Stay On Board: Skateboarding and collective connection
Helmet on, balance off – the skatepark’s ready to catch you. One writer explores how skateboarding can bring us closer to ourselves and others
Two years ago, in my mid-30s (let's agree I'm still in my mid-30s and move on), I started skateboarding, which was not a sensible decision. By that point in life, I had developed a (fairly) functional understanding of risk. I knew that concrete is hard. I knew that falling hurts. I knew that learning a new physical skill as an adult is (often, almost always) humiliating. Yet despite all of the available evidence, I began repeatedly throwing myself at the ground. But it turns out that this was one of the best decisions I've ever made.
Learning something completely unfamiliar as an adult can be a truly transformational experience. By my age, life can begin to settle into humdrum routines. We become (semi) competent. We know what we're good at.
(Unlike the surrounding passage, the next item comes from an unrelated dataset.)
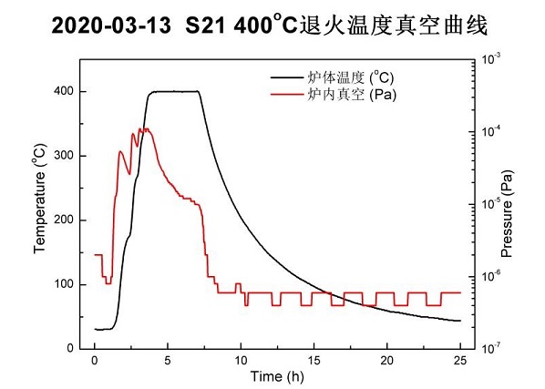 图1 中温退火工艺的温度与真空曲线

We often stop putting ourselves in situations where we're visibly terrible at something. Skateboarding demands the opposite. It asks you to embrace failure very publicly and repeatedly, to spend weeks trying to learn something that a fearless 12-year-old can do in moments without thinking. And yet, that’s absolutely where the magic of it all is.
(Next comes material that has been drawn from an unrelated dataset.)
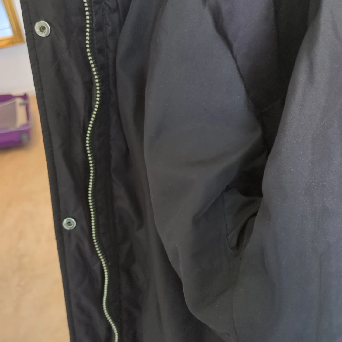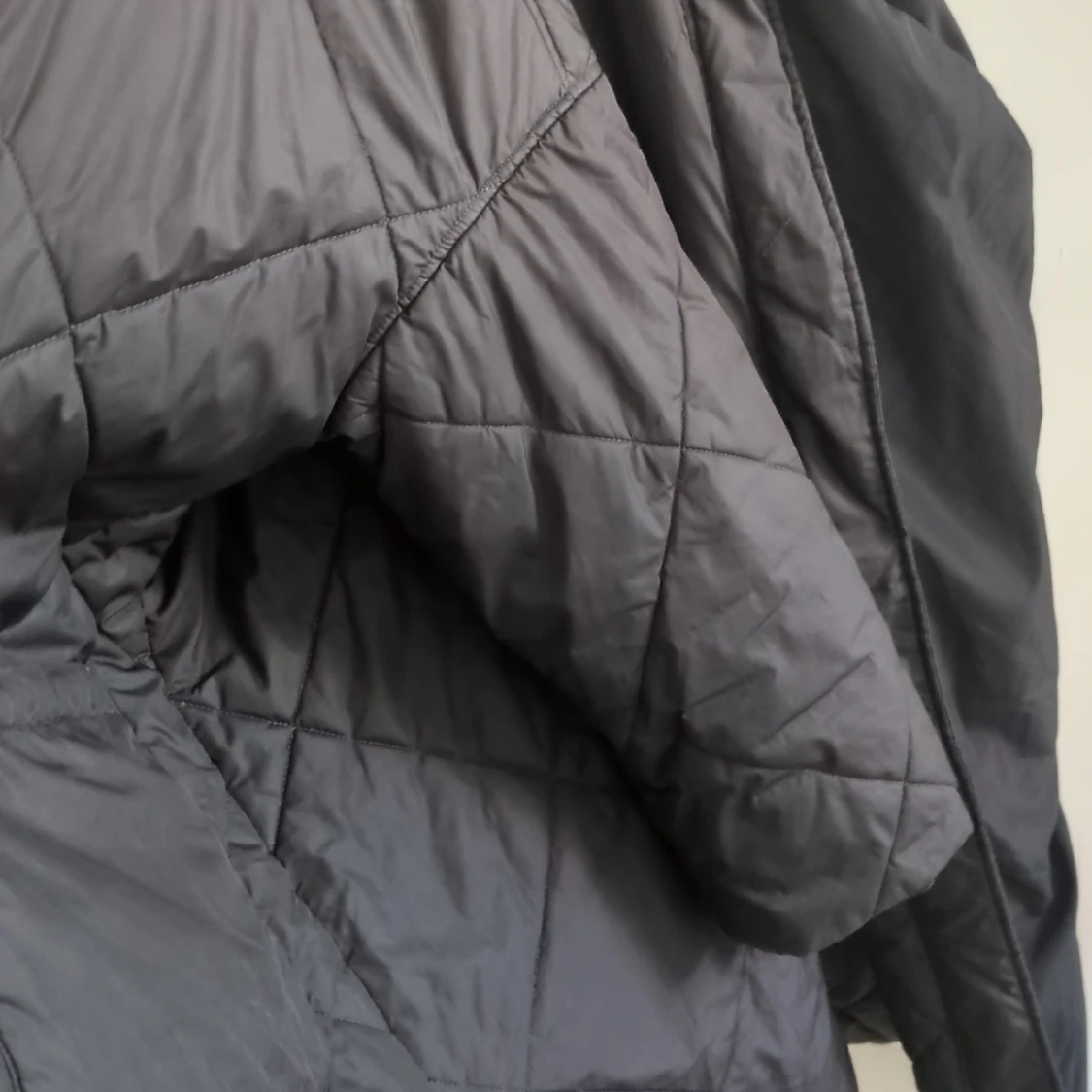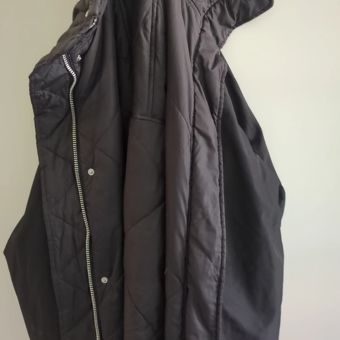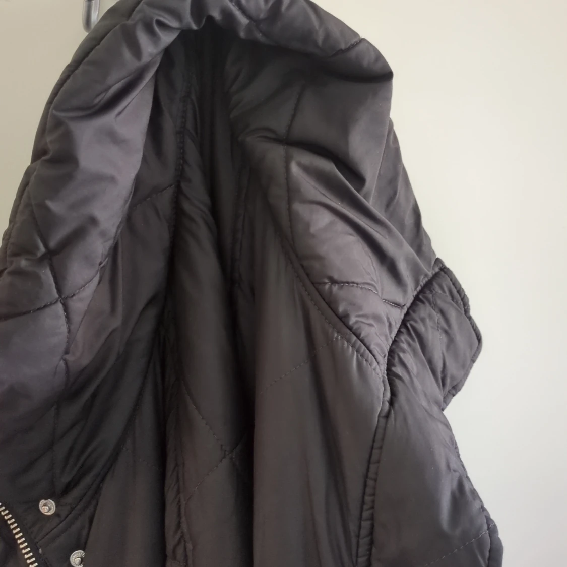 Svart pufferjacka med quiltat mönster och snygg dragkedja framtill. Jackan har långa ärmar och tryckknappar längs öppningen. Perfekt för kyliga dagar när du vill hålla stilen enkel och clean.

Every bruise on my knees, every graze on my elbows, every ache in my mid-30s hips feels less like an injury and more like evidence that I had a really good time. Skateboarding has reintroduced fear, excitement, vulnerability and play into my life. It has reminded me what it feels like to be a beginner. As someone assigned female at birth (AFAB), I don't think we're often encouraged to have that relationship with our bodies in adulthood. Many of us become disconnected from our bodies over time: through work and care responsibilities, through ageing and existing in a culture that constantly asks us to think about how our bodies look rather than what they can do. Bodies often become projects and things to improve. For me, skateboarding has shifted that entirely.
For an hour or two, my body is no longer something being observed; it's something being experienced. It's not about how my body appears; it's about whether it can stay over the board for another second. Whether I can commit to a drop-in. Whether I can get back up after falling. Whether I time turning my hips correctly to finally get that half-cab rock to fakie (my ambition this month). For so much of adult life, we're encouraged to think about our bodies as individual projects to improve, but skateboarding reminds me that bodies are relational. We learn through and with each other.
But while skateboarding has transformed my relationship with my body, the thing that has surprised me most is the community. I have spent years working in arts and cultural organisations, previously as a community development officer for a national arts organisation, currently (among many other things) as a researcher for community engagement projects with another national cultural organisation. We (in arts and culture) talk endlessly about community. We build projects around community engagement. We run consultations, outreach programmes and participatory events. Yet on reflection, community is often treated as something external. The community is always somewhere else. It is something organisations reach out to, invite in, work with for six months or a year, and that we return from to our own sacred art bubbles. Community in this sense is a demarcated and commodified and extractable Other.

Illustration by Vaso Michailidou.
I started attending Cat's Friday Skate Club in Edinburgh and like many AFAB folk, I found the idea of walking into a skatepark alone completely intimidating. I didn't know anyone and I wasn't good. But instead, I found one of the most welcoming groups of people I've ever met.
Six months after joining, I started volunteering with the club. I've watched Cat (the organiser) and a group of volunteers work tirelessly to create spaces where people can learn, feel safe and have fun. Sessions move between skateparks and DIY spots across Edinburgh, held together largely through determination, care and a shared love of skateboarding. The encouragement people offer each other is extraordinary. There's no expectation that you need to be good. People celebrate effort. They celebrate trying. They celebrate you for just showing up.
The skateboarding community is genuinely intergenerational and wonderfully messy. People come from different backgrounds, different ages, different identities and different experiences. The thing connecting everyone is simple: we're all trying to have a good time on a skateboard. It's amazing what becomes possible when people gather around joy.
Skateboarders check in on each other too. Between ridiculous attempts and tricks, conversations drift towards relationships and family, work and mental health. The spaces between skating become places where deep friendships emerge. I jokingly refer to one of my closest skate friends, Katie, as my ‘skate wife.’ We skate together at least once a week. There's something profoundly intimate about helping another person do something they're scared of. Holding someone's hand while they try something new. Standing beside them as they fail. Celebrating wildly when they finally get it.
Two years after stepping onto a skateboard for the first time, I can honestly say that skateboarding has changed how I understand community, how I understand other people, and how I understand my own body.